What is your favorite takeout meal and how would you recommend it to a customer? 

I love ordering soup for takeout, especially if the restaurant has bread bowls or a really good chili. If bread bowls are not an option, I like to recommend a side of garlic bread or something to dip in the soup. 

This also travels really well. I love to recommend a bowl of house-made chili or beef stew, a side order of bread, perhaps an appetizer to go with it like an entree-sized salad, with dressing on the side. These things are just as good when taken home, and are incredibly filling and delicious. Also dessert cheesecake or other heartier desserts travel well so I recommend those if they have room for dessert or have a sweet tooth like I do.

Tell me a little bit about how you handle working when the restaurant is busy and keeping the hostess stand space tidy. 

Between takeout orders, answering the phone, seating charts, and the list of specials as well as the takeout menu for reference, the hostess stand can get messy fast. 

There are a couple ways to keep things neat. First, I have a designated pouch for pens so they aren’t rolling everywhere when I am trying to take a takeout order. Second, I keep a paper takeout menu underneath the stack of dine-in menus. This way I have if I need it but it’s not constantly out. 

I also make sure to wipe down the hostess stand often so it doesn’t get dusty or sticky or messy.
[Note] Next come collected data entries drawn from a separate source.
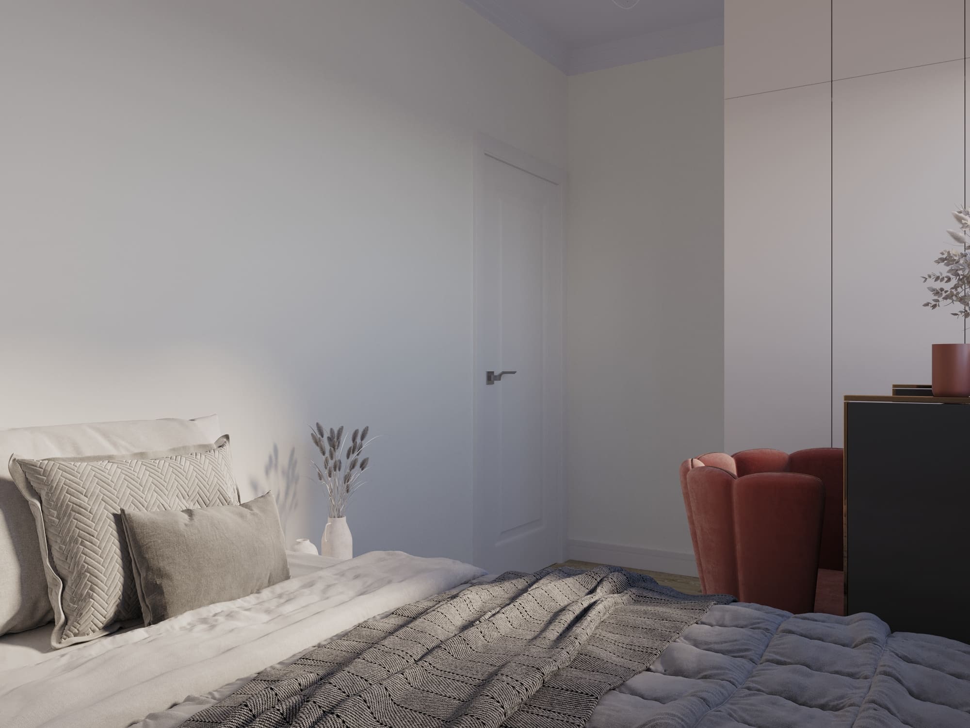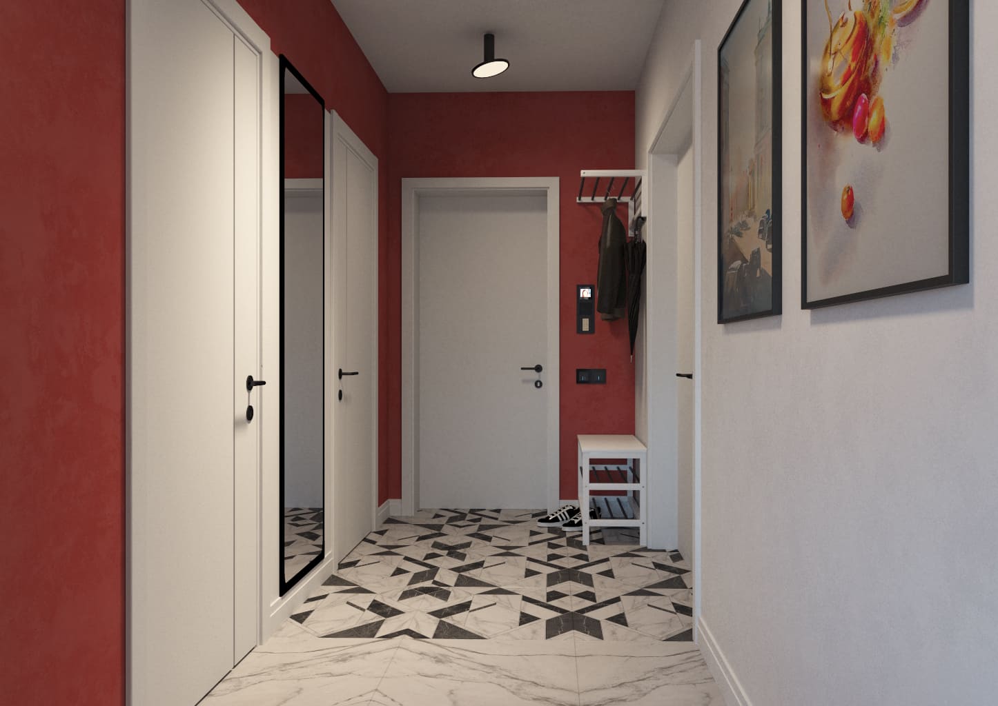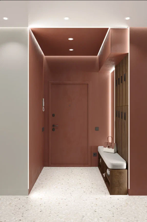 Стены, окрашенные в насыщенные терракотовые оттенки, переходящие и на потолок, и на входную дверь, создают в этой квартире особую атмосферу — уютную, тёплую и в то же время создают обволакивающее ощущение. Терракота, цвет обожжённой глины, придаёт пространству природную глубину и благородство.
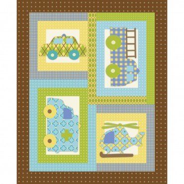 This Colorful Quilt Shows A Airplane Wagon Helicopter
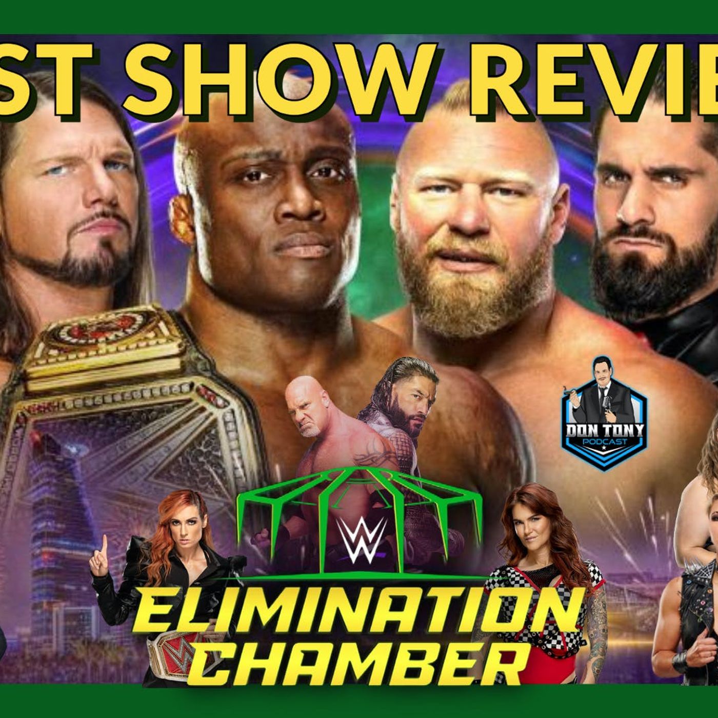 Roman Reigns vs Brock Lesnar: 'Title For Title' set for WrestleMania 38. Seeds planted with Seth Rollins inadvertently costing Bobby Lashley the WWE Championship? Should Steve Austin vs Kevin Owens be a one-on-one match or a 'Kevin Owens Show' segment at WrestleMania 38? Who was The Miz teasing to appear at 2/21/22 WWE Raw? Many think it could be Cody Rhodes. Our live audience mentioned Logan Paul. DT wishes it would be John Morrison. We discuss these scenarios and much more during your WWE Elimination Chamber 2022 Recap and Review hosted by Don Tony and brought to you by Blue Wire (www.bluewirepods.com). ==== WWE ELIMINATION CHAMBER 2022 RESULTS:

Lastly, if I am doing a task like silverware rollups, I try to do it near the hostess stand but not at the stand, so I have a designated workspace for side work.

Why are you passionate about working at a restaurant? 

I am very social and I like being able to help people have a nice time and de-stress when they aren’t working. 

Most of us are working most of the time, and going out to eat is such a treat and it should feel like one. I like to be friendly and warm and help set off a nice meal for the customers, get to know them, and help foster a memorable experience.

What are your long-term career goals and how does working as a server help you achieve them? 

I am not sure what I want to do yet long-term but I want to learn as much as possible about the hospitality industry. 

I know that whatever I end up doing will involve working with people and involve customer service of some kind so I like having this practice. I am also interested in the business aspect of restaurants, and so this is a great chance to learn and sharpen a skill while learning more about the business side of restaurants as well.

Final Thoughts

While hiring new staff always takes time and energy, make sure to remember that in the long-run who you hire will represent your business to your customers. 

If you make the effort to hire the right candidates, who are a good fit for the position, you will retain wonderful staff who like their jobs, and have to do less hiring. 

It’s more up-front work but the payoff is a win-win for everyone.